Sentada ahora al borde del diván, con Jasmine masajeándole los pies, Scherezade pone su celo en el nuevo día ganado. En ciertas tardes, duda de si tendrá ánimo para seguir frecuentando el lecho del Califa, para someterse a sus caprichos. Cuando se pregunta por qué narra, vacila en la respuesta, y no le importa. Sólo sabe, por el momento, que narra con el propósito de ahuyentar la sombra de las futuras víctimas del vengativo Califa proyectada en la plataforma, donde el cadalso se destaca, imponente.

43.

Las noches de los amantes transcurren en los aposentos del palacio, una edificación próxima a la mezquita. En esta geografía, donde ambos escenifican la vida y la muerte, el Califa aparenta conciliar el coito presuroso con las aventuras descritas por la joven. Mientras que el deber erótico, aliado al entretenimiento, no interfiere en lo que dice Scherezade.

Al terminar, sin embargo, los quehaceres del reino, el Califa en general se inquieta, se siente afectado por un acto de dimensión moral que lo fuerza a ir al encuentro de la hija del Visir, sólo por haberle respetado la vida aquella mañana. A volver a este hogar provisional con el propósito de escuchar relatos y repetir en el lecho, hasta que le flaquee la virilidad, el sexo de la víspera.

Así, la conjunción de las palabras de la joven con el deseo carnal, lejos de alegrarlo, arranca al Califa de las amarras de la realidad. Crea en él tal expectativa que, al final de las audiencias, lo devuelve a las historias de Scherezade, cuyo epílogo aspira a conocer. Vive una relación cotidiana que, cumplida al pie de la letra, va estableciendo entre ellos el tácito reconocimiento de ser Scherezade la esposa cuya vida él preserva cada mañana, y con quien cumple los rituales del matrimonio.

No le resulta fácil contrariar el designio que trazó después de la traición de la Sultana. Le duele al Califa no respetar la sentencia de muerte que se cierne sobre cada joven, y que tiene como origen una proclama divulgada por todo el reino, cuyo carácter siniestro aterroriza, aún hoy, a los padres de cualquier doncella bajo el riesgo de inmolación pública.

Scherezade fue la primera en interrumpir la serie de las ejecuciones cuando el Califa, reacio a cumplir el precepto de la ley, a pesar de la actitud expectante del verdugo a la entrada de los aposentos, frustraba así al ejecutor siempre a la misma hora, cada vez que se negaba a entregarle la víctima del sacrificio. Imponiéndole una súbita inactividad, que llevaba al verdugo a la desesperación mientras lo hacía pensar si había sido la felicidad conyugal responsable del incumplimiento de la ley que el propio Califa promulgara.

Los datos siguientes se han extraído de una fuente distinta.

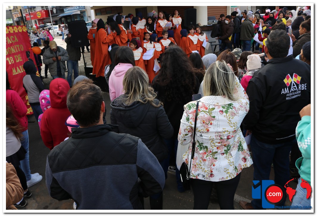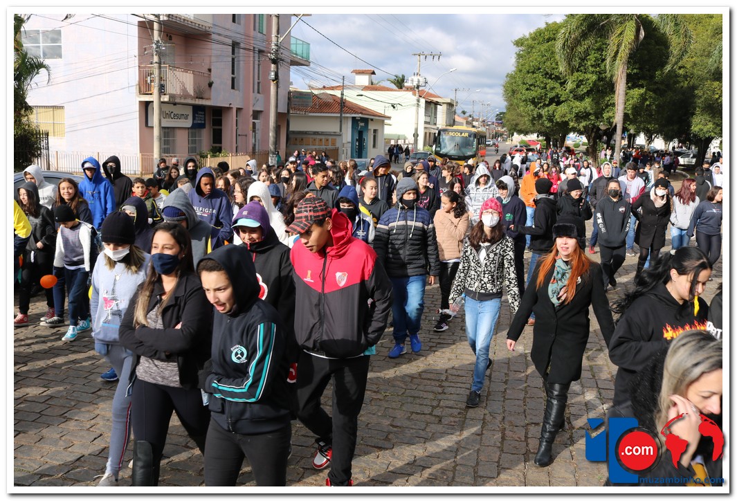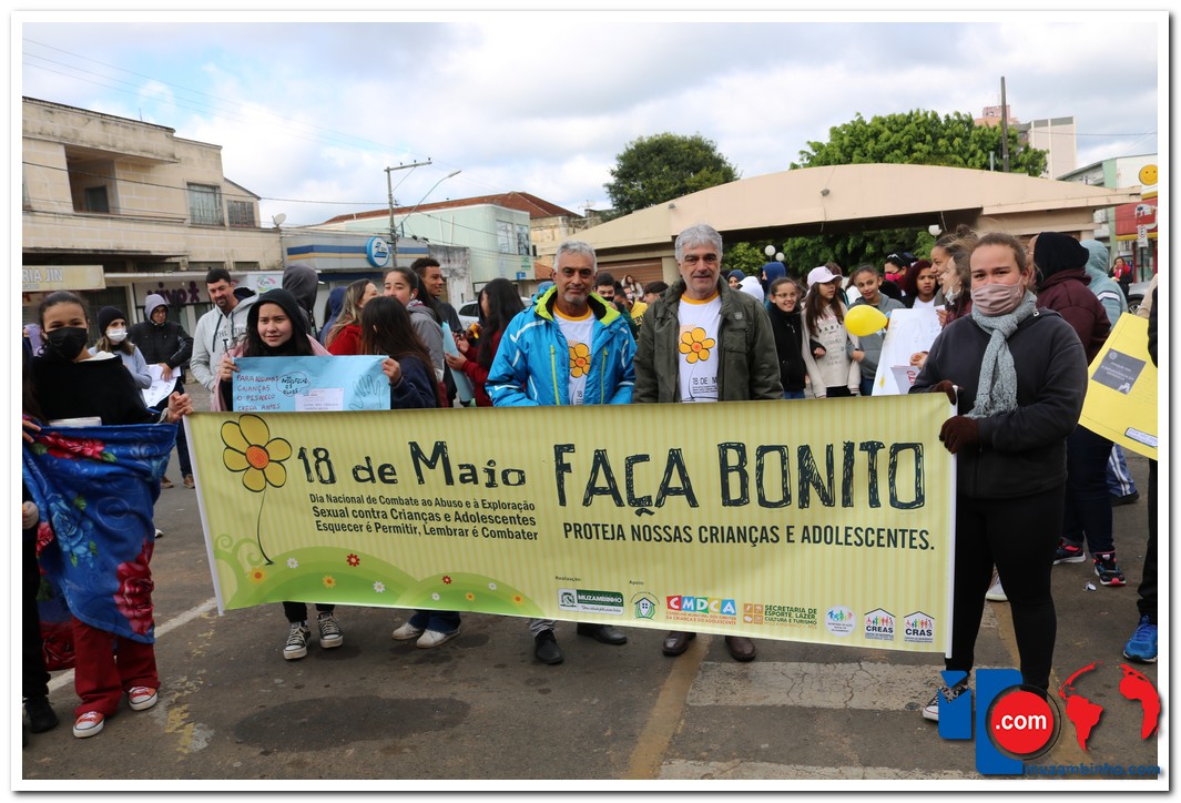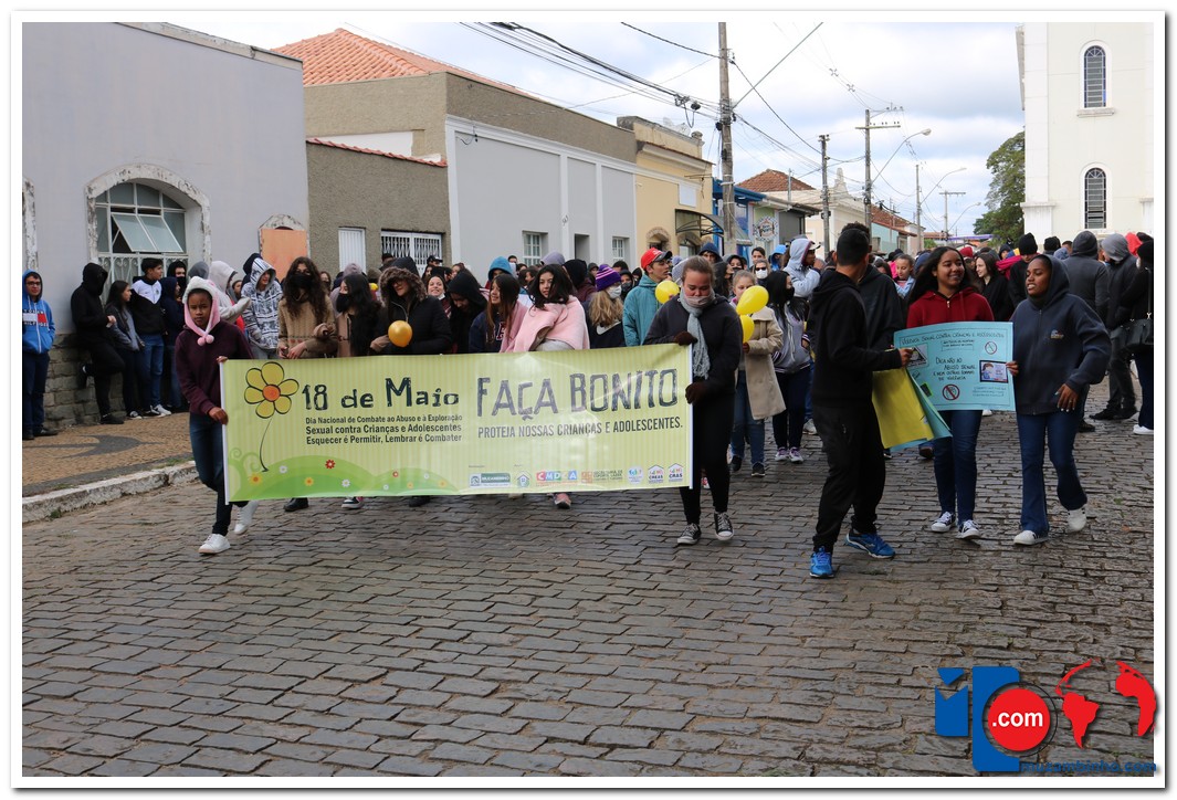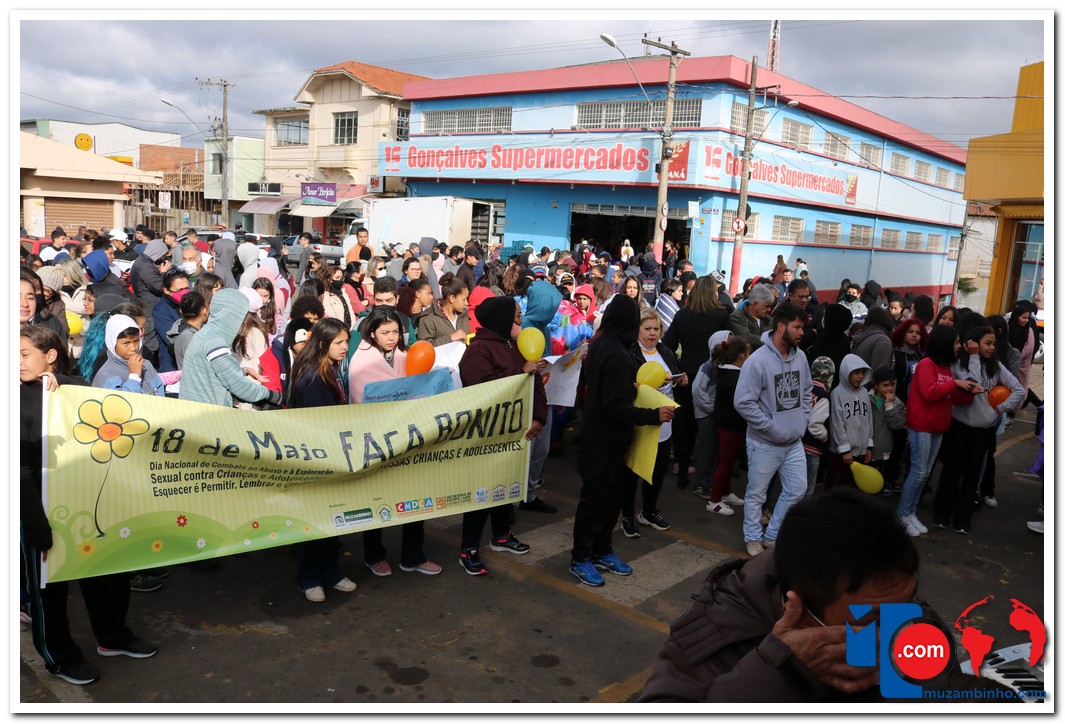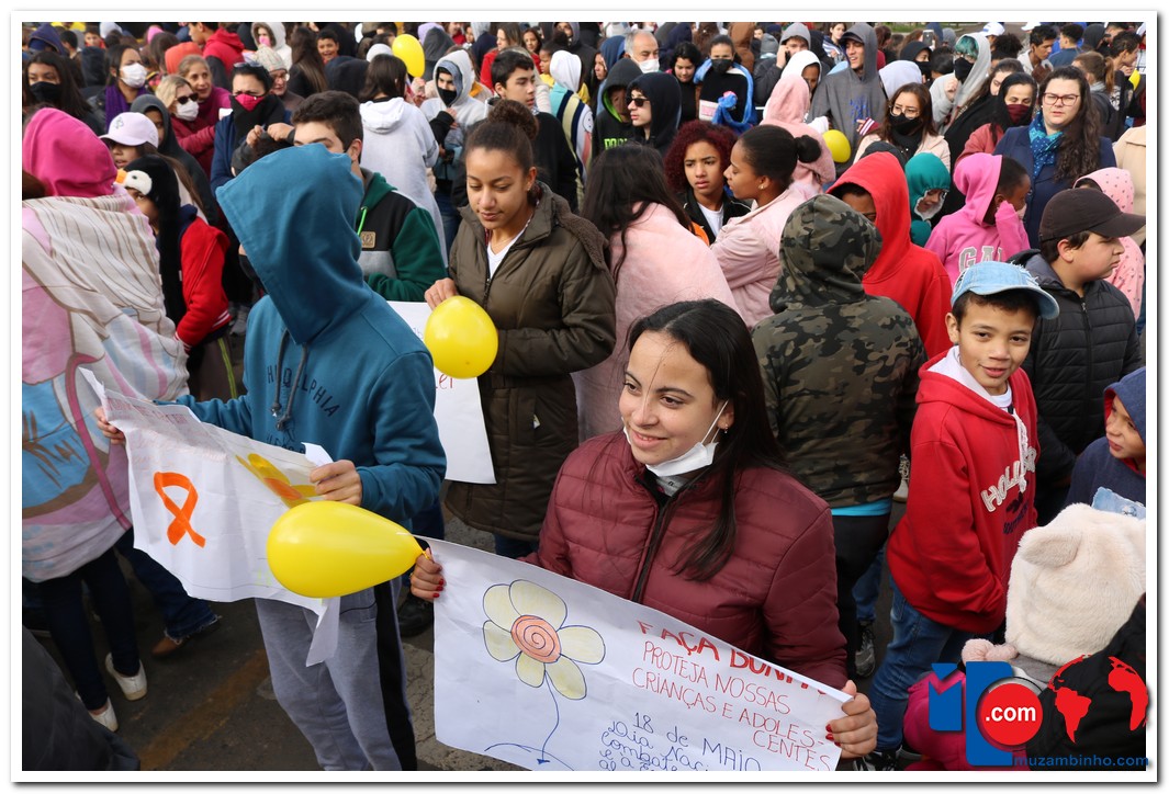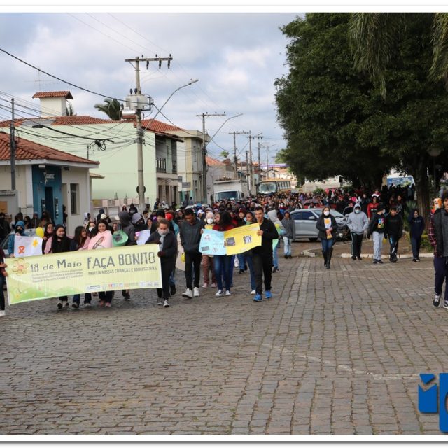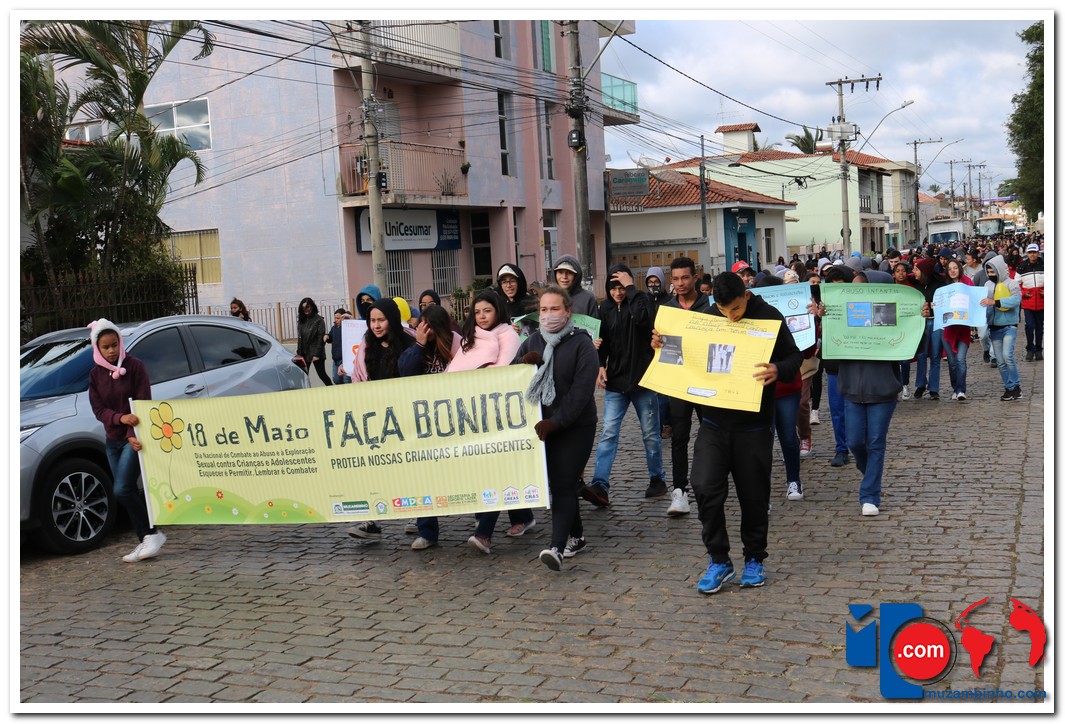 A caminhada aconteceu na manhã desta quarta-feira, 18/05, com saída no Cruzeiro de Pedra às 08:30 com percurso seguindo pela Avenida DR Américo Luz finalizando no Muzambódromo. Participaram da caminhada as Escolas Estaduais Cesário Coimbra e Prof. Salatiel de Almeida, Escolas Municipais Sagrado Coração de Jesus, Retiro, Frei Florentino, Francisca Alegretti Bianchi e Colégio Delta e Colégio Objetivo totalizando 1100 participantes. O Evento contou com a presença do Prefeito Municipal Paulinho Magalhães e da Vice Prefeita Heloísa Magalhães do Juiz Dr. Flavio Schimidt, Delegado da Policia Civil Dr Adnan Grava e o Presidente da Câmara Gilmar Labanca e apresentação do coral dos alunos da escola Sagrado Coração regidos pelo maestro Acácio Vieira e dança com Samuel Oliveira. O evento foi idealizado pelo Conselho Tutelar com o apoio da Secretaria de Educação, Secretária de Esporte, Lazer, Cultura E Turismo, CREAS, CRAS, poder Judiciário, Polícia Civil e Militar.

También a los acólitos les extrañaba la especie de amor por Scherezade, que hacía al Califa relegar a sus favoritas a más triste suerte. Pues desde la venida de la hija del Visir ya no convocaba a las mujeres al lecho real, motivando que se aventurasen innumerables hipótesis para el hecho, ninguna al fin convincente. No valiendo de nada, frente a su pesado silencio, que insinuasen al Califa la conveniencia de retornar al harén.

Corpulento, de nariz ganchuda, el soberano había cedido a la fascinación de la joven. Prácticamente había abandonado la alforja del poder a cambio de la fantasía. E, igual que cualquier criatura del pueblo, aspiraba a ser otro que no él, usurpar la identidad ajena por medio del ardid de la ilusión. Quizá llenar la propia soledad robando la apariencia de un personaje de Scherezade. Fundir la realidad del reino con las historias de la joven, convencido ahora de que, mediante la fabulación, alargaría la vida.